#### Exercise input:
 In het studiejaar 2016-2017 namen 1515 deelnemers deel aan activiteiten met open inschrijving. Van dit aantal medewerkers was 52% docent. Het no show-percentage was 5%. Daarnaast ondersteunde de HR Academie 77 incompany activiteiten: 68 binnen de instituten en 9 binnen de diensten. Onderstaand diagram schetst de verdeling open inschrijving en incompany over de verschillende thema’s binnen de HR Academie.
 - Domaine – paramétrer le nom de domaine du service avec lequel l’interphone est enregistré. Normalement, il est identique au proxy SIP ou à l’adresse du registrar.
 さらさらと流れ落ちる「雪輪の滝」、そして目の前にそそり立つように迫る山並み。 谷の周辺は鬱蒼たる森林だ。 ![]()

--

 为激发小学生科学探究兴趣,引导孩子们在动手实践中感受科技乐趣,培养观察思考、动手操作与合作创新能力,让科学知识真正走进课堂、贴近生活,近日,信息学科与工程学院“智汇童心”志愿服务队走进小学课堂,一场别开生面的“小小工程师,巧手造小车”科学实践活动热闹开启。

#### What the task requires:
Look above for the line with "- Domaine –" and the line with "さらさらと流れ落ちる「雪輪の滝」、そして目の前にそそり立つように迫る山並み。 谷の周辺は鬱蒼たる森林だ。 ![]()". Retype those two lines and every line between them exactly, adding nothing.

#### Solution to this task:
 - Domaine – paramétrer le nom de domaine du service avec lequel l’interphone est enregistré. Normalement, il est identique au proxy SIP ou à l’adresse du registrar.
 さらさらと流れ落ちる「雪輪の滝」、そして目の前にそそり立つように迫る山並み。 谷の周辺は鬱蒼たる森林だ。 ![]()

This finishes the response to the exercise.